Since the Recovery Audit Contractor Demonstration Program, Wachler & Associates has worked with the AHA to play an active role in the efforts to obtain full Part B reimbursement for hospitals with Part A inpatient admissions denied as not medically necessary by Recovery Audit Contractors (RACs). From our own experience, we have obtained success on behalf of our hospital clients through the administrative law judge hearing stage of appeal. Many administrative law judges have recognized that hospitals are entitled to full Part B reimbursement where inpatient admissions are denied as not medically necessary. As such, administrative law judges specifically order full Part B reimbursement for hospitals. The roadblock following ALJs orders, however, was that Medicare Administrative Contractors (MACs) would refuse to effectuate payment. In an almost ironic turn of events, in a July 13, 2012 memorandum that our firm obtained from a MAC, the Centers for Medicare & Medicaid Services (CMS), while professing that it still believed that hospitals were not entitled to full Part B reimbursement in these situations, directed all MACs and other fiscal intermediary contractors to effectuate ALJ orders for full Part B reimbursement. Although CMS's July 13 memorandum was promising for hospitals with ALJ orders for full Part B reimbursement, the fact remains that to obtain an ALJ order for full Part B reimbursement a hospital must proceed through the arduous Medicare appeals process. Therefore, the lawsuit recently filed by the AHA is an important step towards challenging the core of CMS's policy that hospitals are not entitled to full Part B reimbursement where an impatient admission is denied because the services were provided in the wrong setting.

The lawsuit filed by the AHA alleges that CMS's policy against full Part B reimbursement, or as coined in the complaint CMS's "Payment Denial Policy", violates requirements of the Federal Administrative Procedures Act as well as the requirement in the Medicare Act to pay for medically necessary hospital services.

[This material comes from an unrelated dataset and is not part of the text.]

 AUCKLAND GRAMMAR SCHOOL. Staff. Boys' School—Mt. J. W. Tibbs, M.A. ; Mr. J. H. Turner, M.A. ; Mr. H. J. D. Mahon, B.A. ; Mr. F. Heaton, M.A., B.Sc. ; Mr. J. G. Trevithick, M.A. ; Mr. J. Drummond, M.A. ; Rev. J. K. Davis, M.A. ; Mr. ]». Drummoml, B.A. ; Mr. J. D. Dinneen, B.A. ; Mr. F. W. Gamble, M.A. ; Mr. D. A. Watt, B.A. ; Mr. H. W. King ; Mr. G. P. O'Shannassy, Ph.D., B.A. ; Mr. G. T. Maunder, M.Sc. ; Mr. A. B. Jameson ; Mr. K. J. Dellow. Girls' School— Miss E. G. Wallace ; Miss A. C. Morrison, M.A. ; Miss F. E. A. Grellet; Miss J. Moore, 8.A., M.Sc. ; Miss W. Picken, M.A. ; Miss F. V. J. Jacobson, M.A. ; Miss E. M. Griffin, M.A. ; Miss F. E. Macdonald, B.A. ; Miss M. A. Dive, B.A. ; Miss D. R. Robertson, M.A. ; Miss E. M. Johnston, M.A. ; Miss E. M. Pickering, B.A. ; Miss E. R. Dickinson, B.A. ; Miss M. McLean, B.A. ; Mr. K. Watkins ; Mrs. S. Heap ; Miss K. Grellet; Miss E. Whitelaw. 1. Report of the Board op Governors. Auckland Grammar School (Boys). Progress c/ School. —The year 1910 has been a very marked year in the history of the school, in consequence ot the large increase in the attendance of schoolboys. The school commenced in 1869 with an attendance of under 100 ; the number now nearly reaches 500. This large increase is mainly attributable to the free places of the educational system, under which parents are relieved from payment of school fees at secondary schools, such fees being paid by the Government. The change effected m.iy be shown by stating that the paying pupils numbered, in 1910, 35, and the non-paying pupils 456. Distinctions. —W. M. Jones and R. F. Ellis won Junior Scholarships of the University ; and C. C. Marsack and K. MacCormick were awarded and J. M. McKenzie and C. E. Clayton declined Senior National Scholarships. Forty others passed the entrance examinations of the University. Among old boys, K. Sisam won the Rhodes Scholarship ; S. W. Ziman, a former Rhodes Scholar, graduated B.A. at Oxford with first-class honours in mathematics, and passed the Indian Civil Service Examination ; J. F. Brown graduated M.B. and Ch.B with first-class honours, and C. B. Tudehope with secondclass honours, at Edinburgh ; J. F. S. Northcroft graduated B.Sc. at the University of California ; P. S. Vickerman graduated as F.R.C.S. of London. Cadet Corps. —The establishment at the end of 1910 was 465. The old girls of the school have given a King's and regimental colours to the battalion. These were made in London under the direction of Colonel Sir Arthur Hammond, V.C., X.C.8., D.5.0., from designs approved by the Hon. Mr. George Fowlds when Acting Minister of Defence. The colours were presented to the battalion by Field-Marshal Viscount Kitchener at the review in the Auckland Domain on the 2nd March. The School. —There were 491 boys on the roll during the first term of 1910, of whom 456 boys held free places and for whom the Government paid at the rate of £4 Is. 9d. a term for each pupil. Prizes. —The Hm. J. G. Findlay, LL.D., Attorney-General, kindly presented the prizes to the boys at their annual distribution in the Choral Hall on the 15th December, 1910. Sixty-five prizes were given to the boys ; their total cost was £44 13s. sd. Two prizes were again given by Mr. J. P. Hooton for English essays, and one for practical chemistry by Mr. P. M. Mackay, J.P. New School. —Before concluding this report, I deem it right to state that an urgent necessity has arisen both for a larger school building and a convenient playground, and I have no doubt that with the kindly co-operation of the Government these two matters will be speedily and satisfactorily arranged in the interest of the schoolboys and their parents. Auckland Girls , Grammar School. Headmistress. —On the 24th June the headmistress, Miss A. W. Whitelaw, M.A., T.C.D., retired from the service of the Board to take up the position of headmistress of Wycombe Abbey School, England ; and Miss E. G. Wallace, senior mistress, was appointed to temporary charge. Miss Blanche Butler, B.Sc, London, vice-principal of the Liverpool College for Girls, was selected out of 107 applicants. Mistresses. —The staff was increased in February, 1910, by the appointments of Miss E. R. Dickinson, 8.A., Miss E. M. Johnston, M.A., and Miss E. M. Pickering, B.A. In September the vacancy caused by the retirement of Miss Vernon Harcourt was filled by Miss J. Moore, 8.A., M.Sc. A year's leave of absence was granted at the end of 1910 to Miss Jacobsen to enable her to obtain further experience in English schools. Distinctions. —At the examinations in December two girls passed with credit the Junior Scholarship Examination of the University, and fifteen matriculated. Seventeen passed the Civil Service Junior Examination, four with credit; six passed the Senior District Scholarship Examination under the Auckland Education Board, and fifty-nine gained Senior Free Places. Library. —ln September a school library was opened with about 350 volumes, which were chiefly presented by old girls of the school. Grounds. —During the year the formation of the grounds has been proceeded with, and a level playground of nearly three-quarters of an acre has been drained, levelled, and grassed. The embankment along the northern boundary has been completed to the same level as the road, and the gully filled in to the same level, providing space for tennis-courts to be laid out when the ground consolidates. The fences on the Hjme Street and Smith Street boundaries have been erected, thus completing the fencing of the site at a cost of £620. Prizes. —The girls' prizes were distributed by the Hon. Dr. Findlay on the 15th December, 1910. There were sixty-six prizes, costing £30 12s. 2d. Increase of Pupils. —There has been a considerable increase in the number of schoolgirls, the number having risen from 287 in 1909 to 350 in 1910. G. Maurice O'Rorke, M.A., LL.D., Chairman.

The complaint, released today by the AHA, articulately outlines CMS's refusal to provide hospitals with full Part B reimbursement and the effect CMS' refusal has on hospitals and patient care. The complaint states, "CMS simply refuses to pay hospitals for services that it acknowledges are covered under Medicare Part B and that it acknowledges were reasonable and necessary in the particular case." The complaint continues, "[b]oth the uncertainty and the actual loss of Medicare funds ultimately may adversely affect patient care." Furthermore, AHA's complaint also accurately explains the uncertainty of CMS's exact justification for its "Payment Denial Policy." The complaint states that CMS has made no effort to articulate a statutory justification or any justification for its policy.

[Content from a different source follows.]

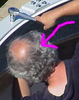 empfindliche Kopfhaut in der Mitte der beginnenden Glatze gut geschützt

The aggressiveness of RAC audits, the uncertainty of appropriate reimbursement, CMS's failure to articulate a justification for its policy, and the effect on patient care when hospitals do not receive accurate payment, all underscore the importance of the concentrated efforts to obtain full Part B reimbursement for hospitals. AHA's complaint is an important step towards highlighting the broad implications of CMS "Payment Denial Policy" and, hopefully, obtaining a long-term solution for hospitals and Medicare beneficiaries.